James “Jes” Staley, head of JPMorgan Chase & Co.’s investment unit, said the $4 trillion money-market fund industry is the “greatest systemic risk” to the financial system that hasn’t been adequately addressed.

“What keeps me up at night most of anything we do at JPMorgan Asset Management is the money-market fund space,” Staley said at a discussion hosted today by Credit Suisse Group AG in Davos, Switzerland. “One of the things that has to come out and get a lot more attention and discussion is how do we take the systemic risk posed by money funds out of the system?”
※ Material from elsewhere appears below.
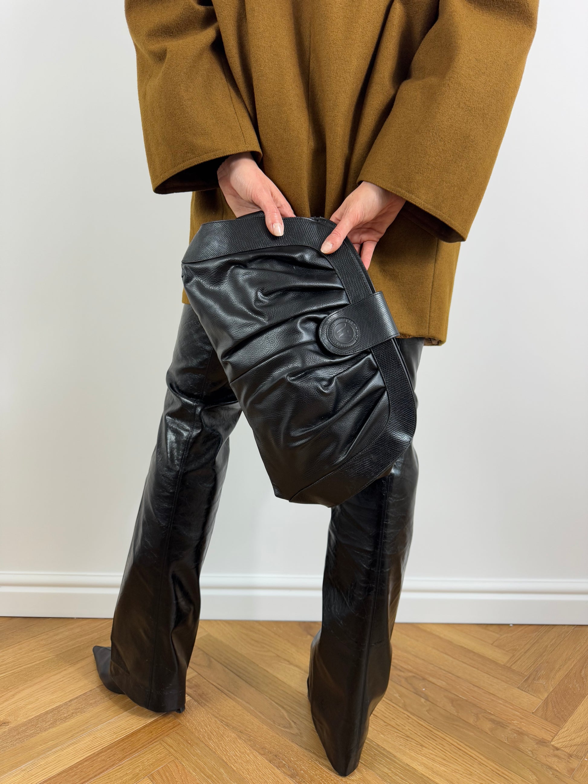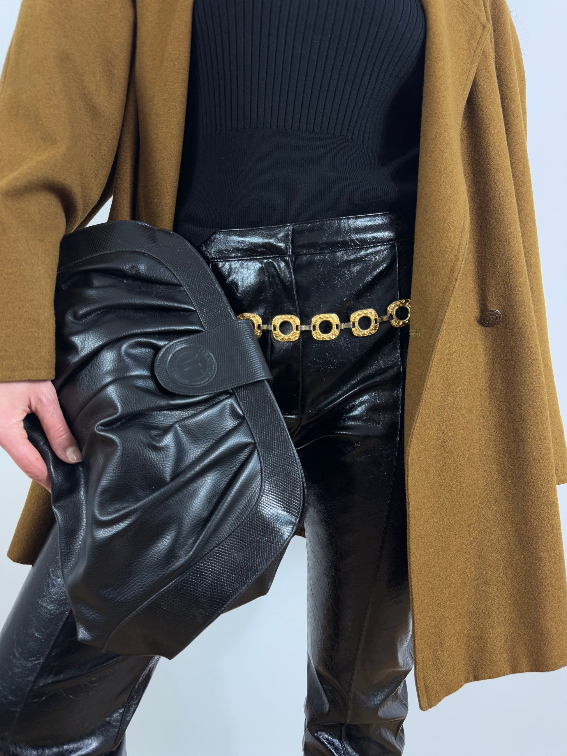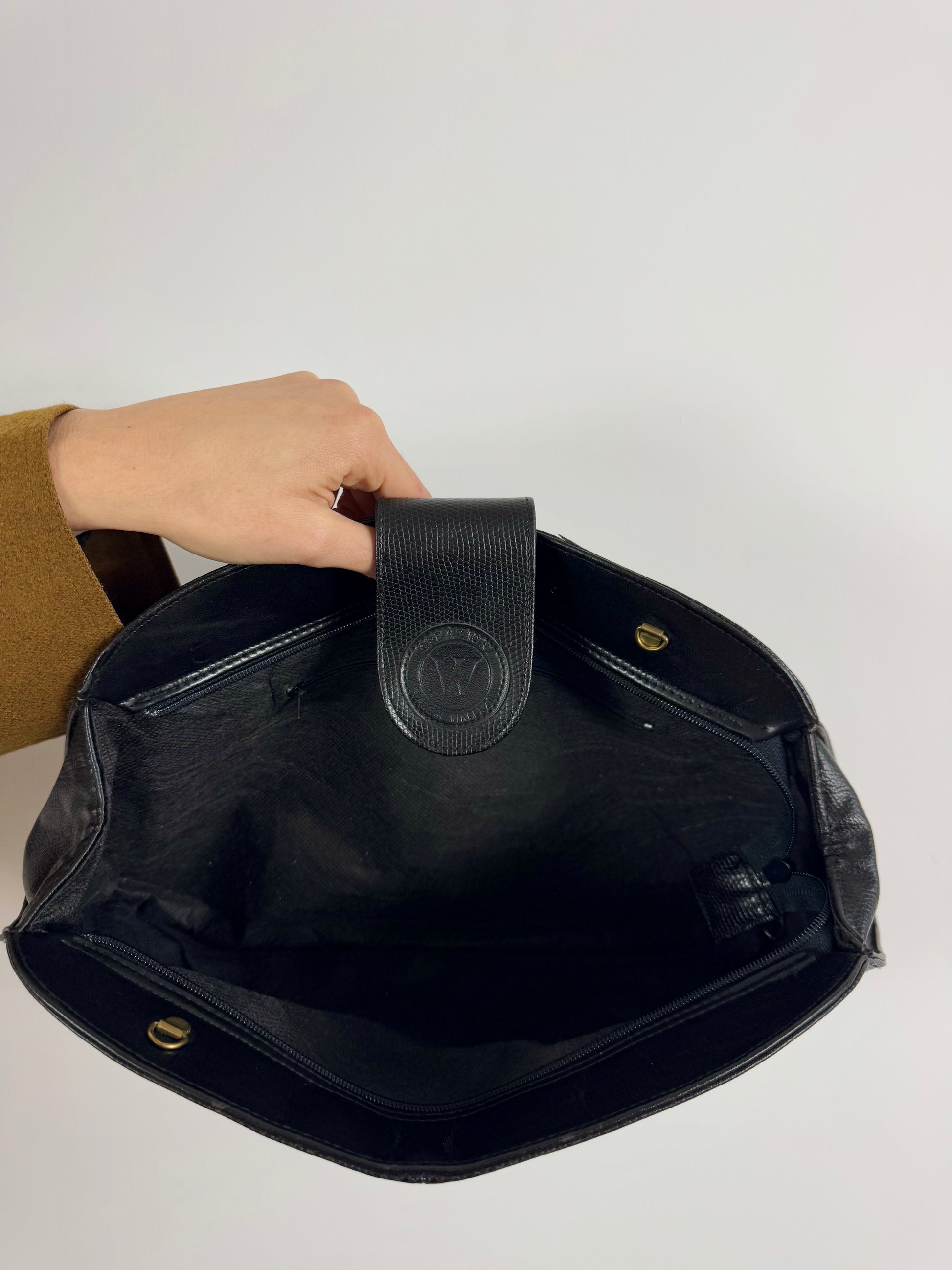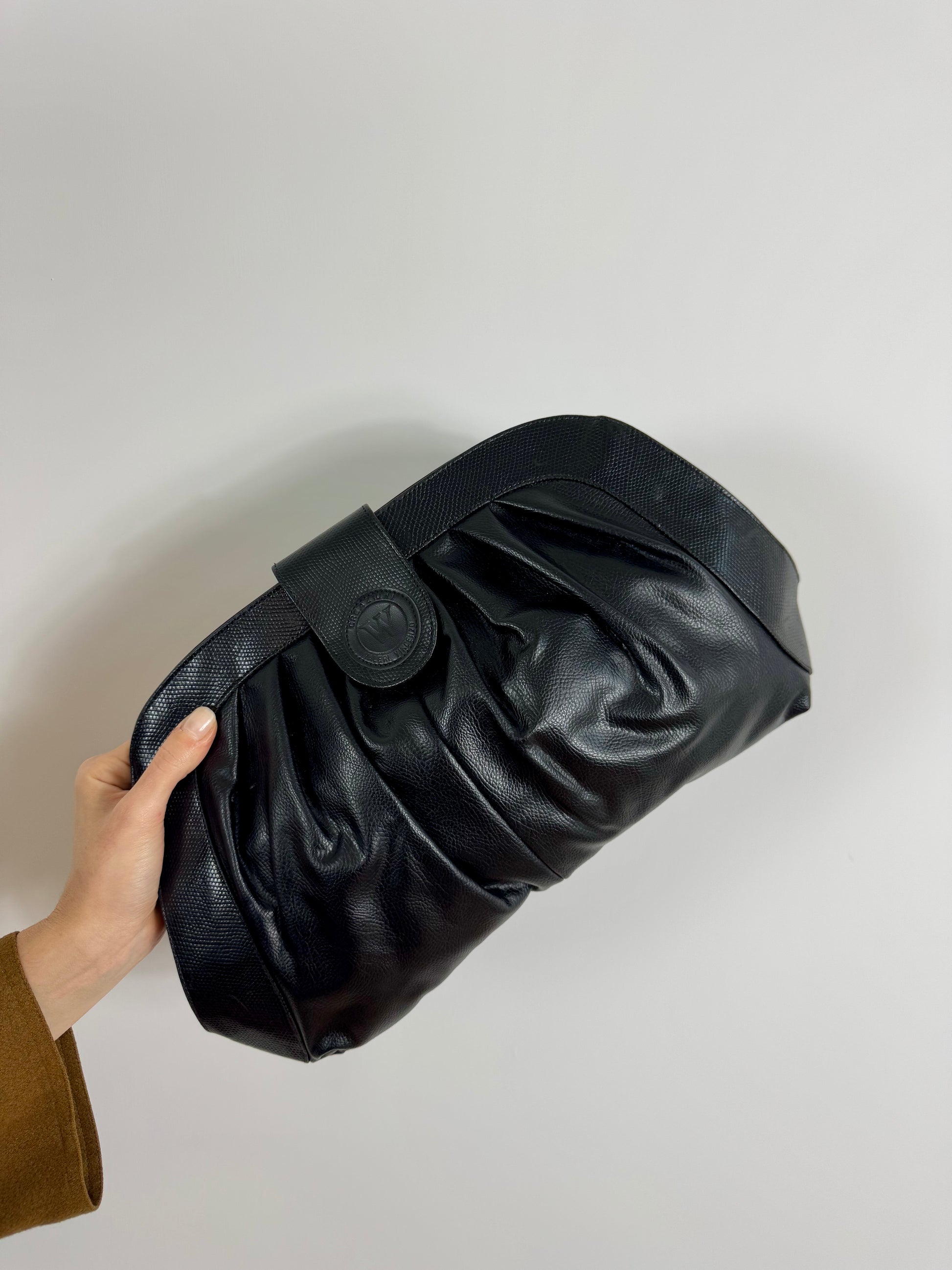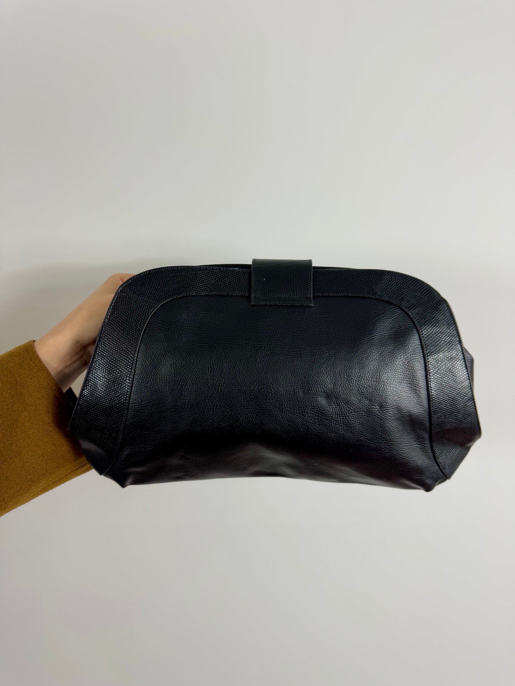 Clutch in vera pelle nera dalla forma rettangolare con angoli morbidi , leggermente bombata. Caratterizzata da due diverse texture: parte centrale in pelle liscia con effetto drappeggiato, bordo in pelle con effetto lucertola a contrasto. Chiusura con zip e bottone a pressione frontale. Riporta dei ganci interni ma manca la tracolla,

JPMorgan Asset Management oversees about $500 billion of money-market funds, Staley said. The funds aren’t allowed to set aside capital to absorb investment losses, leaving no “margin of error” against a potential collapse, he said.

Staley’s remarks follow a set of proposed regulatory changes for the money-market fund industry from the Group of Thirty, an independent policy organization whose members include Treasury Secretary Timothy Geithner and Lawrence Summers, head of the White House’s National Economic Council.

The recommendations, if adopted by regulators, would force money funds to choose between accepting banking-industry controls or giving up accounting rules that help them maintain a stable $1-a-share net asset value, or NAV, which make them the safest investment after bank accounts and Treasury bonds.

Reserve Collapse

The proposals in the Group of Thirty’s Jan. 15 report were made in reaction to the collapse of the $63 billion Reserve Primary Fund in September. Reserve Primary became only the second money fund to drop below $1 a share, or break the buck, because of losses on debt issued by bankrupt Lehman Brothers Holdings Inc.

Reserve Primary’s fall triggered an industrywide run on money-market funds that invest in corporate debt. That, in turn, froze the global commercial-paper market, cutting off a source of short-term capital for thousands of companies.

“The widespread run on money-market mutual funds has underscored the dangers of institutions with no capital, no supervision and no safety net operating as large pools of maturity transformation and liquidity risk,” the report said.

JPMorgan’s Staley blamed money funds for Lehman’s collapse and the near bankruptcy of Bear Stearns Cos. last year. The funds, which typically hold highly rated, short-term debt instruments, were forced to pull their money from the firms when they saw signs of trouble, he said.

‘Brought Down Lehman’

“The people who brought down Lehman and almost Bear Stearns weren’t the banks, they were the money funds,” Staley, 52, said.

David Glocke, head of taxable money-market investments at Valley Forge, Pennsylvania-based Vanguard Group defended the industry.

“I’m aware there are those who want to blame the money- market industry for taking away the punch bowl,” he said. “But issuers need to maintain diverse sources of funding.”

The Group of Thirty proposals would require money funds maintaining a $1 NAV to be regulated like banks with similar regulation, supervision and government insurance. If a fund manager didn’t want to reorganize as a special purpose bank, it would have to give up the stable NAV of $1 a share, according to the proposals.

Legal Requirements

Money-market funds regulated by Rule 2a-7 of the Investment Company Act of 1940 strive never to fall below a $1 NAV, preserving investors’ principal while paying interest. Fund investments are restricted to highly rated securities maturing in 13 months or less and don’t have to be marked to market value every day.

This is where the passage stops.